Uber is losing about $30 in fare on each pool in that simple scenario. Yes, they get the extra $1.55 pool fee, but since they aren't paying ANY expenses involving the extra driver whatsoever, they are constantly losing money they would otherwise make on the extra ride by pushing UberPool.

I just can't fathom anyone in Uber not understanding that.

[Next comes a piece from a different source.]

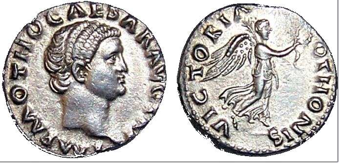 | RIC 16v | Otho, AR Denarius, Rome, Jan.-April 69 AD. IMP OTHO CAESAR AVG TR P, bare head right / VICTORIA OTHONIS, Victory walking left, holding wreath and palm branch. RIC I, 16 var. (Obv legend with this reverse); BMCRE 24 var.; Probably an ancient forgery. | Text | Image |

It makes absolutely no sense.


----------



## uberdriverfornow (Jan 10, 2016)

Obviously their share of that $30 is $7.5 or so.


----------



## tohunt4me (Nov 23, 2015)

uberdriverfornow said:


> Let's make this as simple as possible.
> 
> Two pax from San Jose to San Francisco is about $40 each for a $80 total using separate drivers.
> 
> ...


In the grocery ,it's never the good stuff on sale.
Only yesterday's hamburger before it rots.


----------



## melusine3 (Jun 20, 2016)

uberdriverfornow said:


> Let's make this as simple as possible.
> 
> Two pax from San Jose to San Francisco is about $40 each for a $80 total using separate drivers.
> 
> ...


They are trying to grow their customer base, so it's a temporary loss. Wait till they completely wipe out Lyft and what is left of the Taxi industry and put their driverless cars on the road and they can set their own fees and the people will have to eat it.


----------